After recovering the distortion, it is cooled, washed with water, and dried.
Obtain heat-treated pellets. Disperse this in water,
The resin surface layer is halogenated by UV irradiation in the presence of halogen gas. There is also a method of impregnating the obtained particles with an easily volatile blowing agent, or by dispersing polyolefin resin particles in water and impregnating them with an easily volatile blowing agent, and then irradiating the particles with ultraviolet rays in the presence of halogen gas to layer the particle surface. By halogenating the moiety, the resin particles which are the object of the present invention can be easily obtained. Depending on the type of resin, it is also possible to halogenate it without using ultraviolet rays. The polyolefin resin particles, easily volatile blowing agent, degree of halogenation, etc. during this production are as described above. The degree of halogenation in the production of resin particles can be controlled by the intensity of ultraviolet rays, the amount of ultraviolet rays, and the reaction temperature, and may be arbitrarily selected depending on the desired quality and the type of resin used. (Example) Next, the present invention will be explained with reference to an example. Example 1 100 parts by weight of polyethylene pellets (density 0.920, hot-cut product), 117 parts by weight of pure water, 0.025 parts by weight of AOS, and 3 parts by weight of Supertite were placed in the autoclave from 1, sealed, and heated to 130°C while stirring. After raising the temperature and holding it for 5 minutes, it was cooled to 50°C, the contents were taken out, washed with water, and dried to obtain heat-treated polyethylene. Next, 100 parts by weight of the above heat-treated polyethylene and 567 parts by weight of pure water were placed in a glass reactor, and the mixture was stirred.
After raising the temperature to 70°C and performing nitrogen substitution, ultraviolet rays were irradiated while flowing chlorine, and after 1.5 hours, surface chlorinated polyethylene with a degree of chlorination of 2.7 mol% was obtained.
Table 1 shows the foaming agent retention capacity when this resin was impregnated with butane as a foaming agent. Comparative Example 1 A surface layer chlorinated product of polyethylene (density 0.920) obtained by the strand cut method was obtained in the same manner as in Example 1 above. The degree of chlorination was 2.8 mol%.
Table 1 also shows the retention capacity when this resin was impregnated with a blowing agent (butane).

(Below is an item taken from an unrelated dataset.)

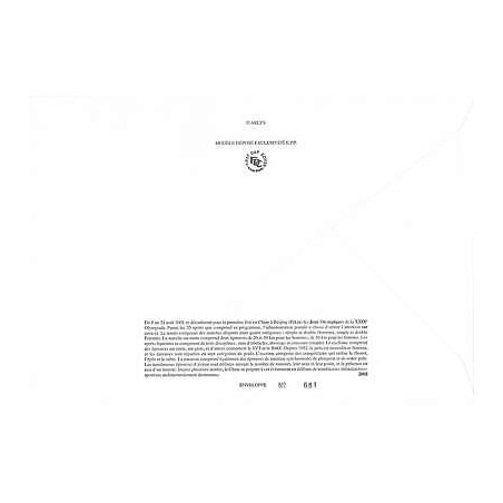 FDC GF soie - Bloc JO Beijing 2008, oblit Paris 16/6/08 - First Day Cover - Enveloppe premier jour Grand Format de France, illustration soie.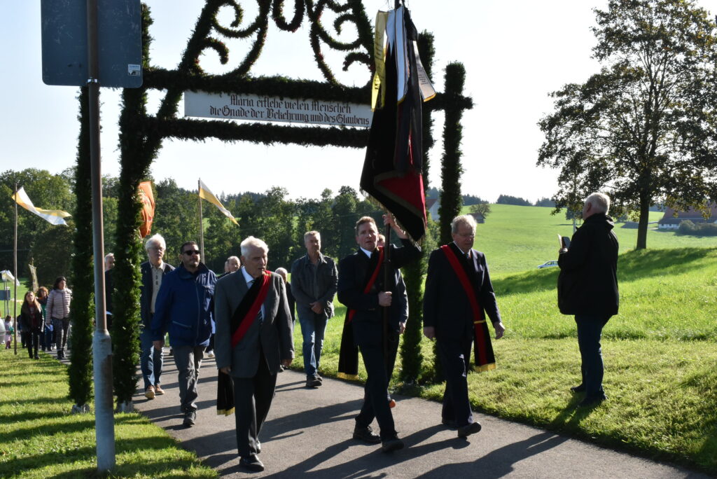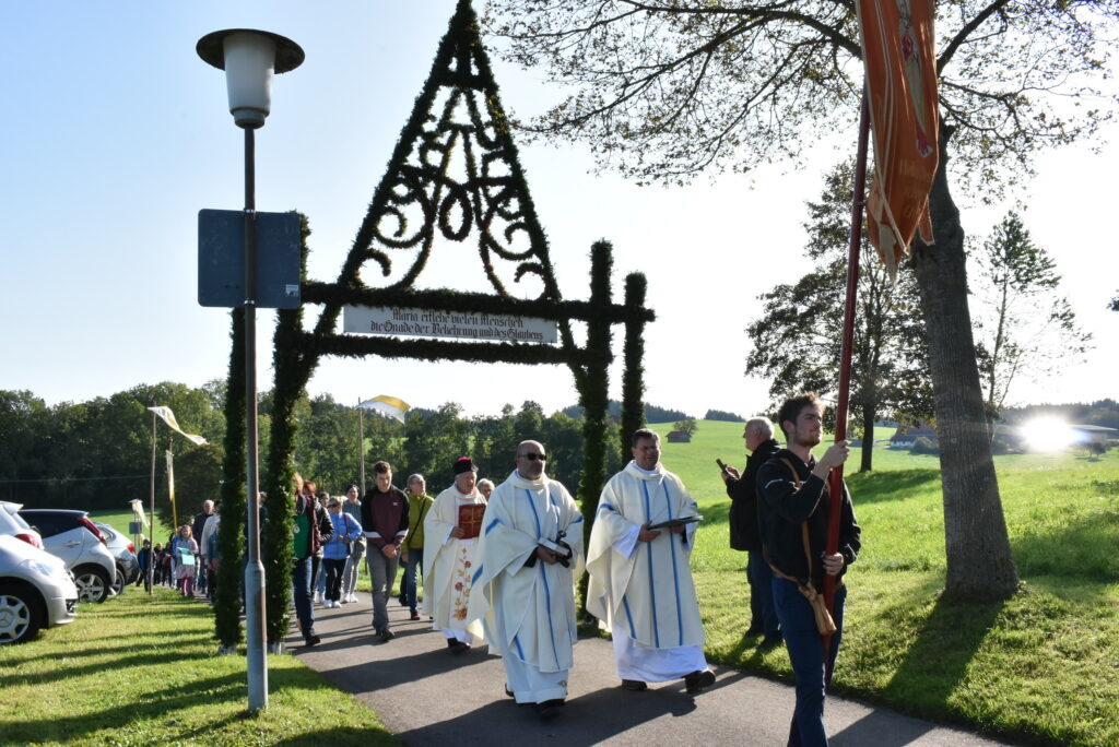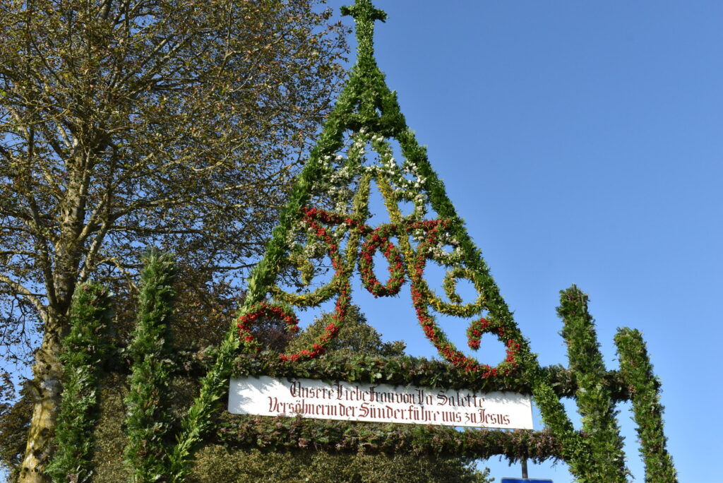 Engerazhofen – Frauen haben einen wunderschönen Blumen-Torbogen gestaltet. Das diesjährige Kapellenfest war geprägt von herrlichem Wetter und so konnte die traditionelle Prozession von der Kirche in Engerazhofen hinauf auf den Fuchsberg zur La Salette Kapelle bei Sonnenschein stattfinden.

[Table] * The foaming agent retention rate over time is the foaming agent remaining rate at each point in time relative to the initial impregnated amount. Impregnated pellets were stored at 23°C.

Claims (1)

[Claims] 1. A foamable polyolefin characterized by dispersing polyolefin resin pellets obtained by a hot cut method in water, irradiating the pellets with ultraviolet rays in the presence of halogen gas to halogenate the surface layer of the pellets, and impregnating the pellets with an easily volatile foaming agent. Method for producing resin particles.